Джоджо Мойес - Девушка, которую ты покинул
— Эдуард! — сказала я хрипло. Я не могла поверить. Не смела поверить. — Эдуард!
Он почти бежал на заплетающихся ногах, сзади его подгонял конвоир. Я окаменела от страха. А вдруг это какая-то чудовищная ловушка и я снова проснусь на полу грузовика, а рядом будет немецкий сапог? Господи, смилуйся надо мной! Ты ведь не можешь быть таким жестоким.

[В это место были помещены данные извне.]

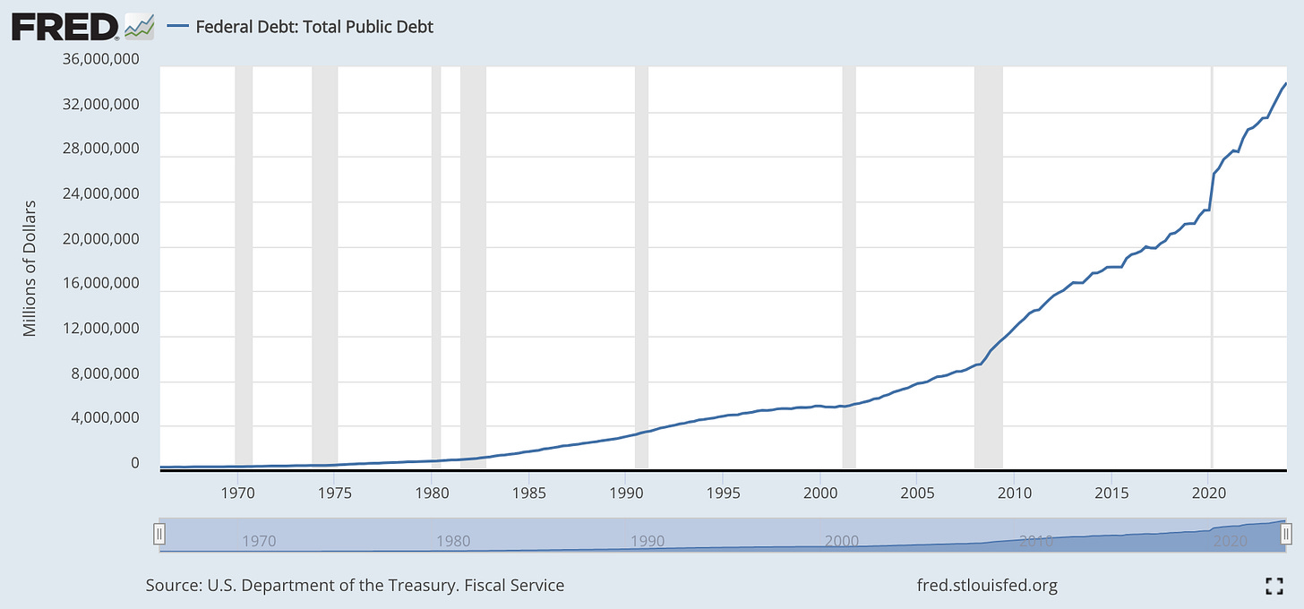 The national debt (now $35 trillion) has been the elephant in the room for a long time, but my goodness, it’s ballooned since the pandemic. Most everything else in the news just feels like noise.

Потом он остановился в нескольких футах от меня. Страшно худой, лицо изможденное, все в шрамах, голова обрита. Но боже мой, это действительно был он. Мой Эдуард. У меня подкосились ноги, и, выронив сумку, я стала оседать на землю. Последнее, что я помню, — подхватившие меня руки мужа.
— Софи! Моя Софи! Что же они с тобой сделали?
Эдит Бетюн откидывается на спинку инвалидного кресла, в зале стоит мертвая тишина. Секретарь суда приносит ей воды, и она благодарит его кивком головы. Даже репортеры перестали писать, они сидят открыв рот, авторучки застыли над блокнотами.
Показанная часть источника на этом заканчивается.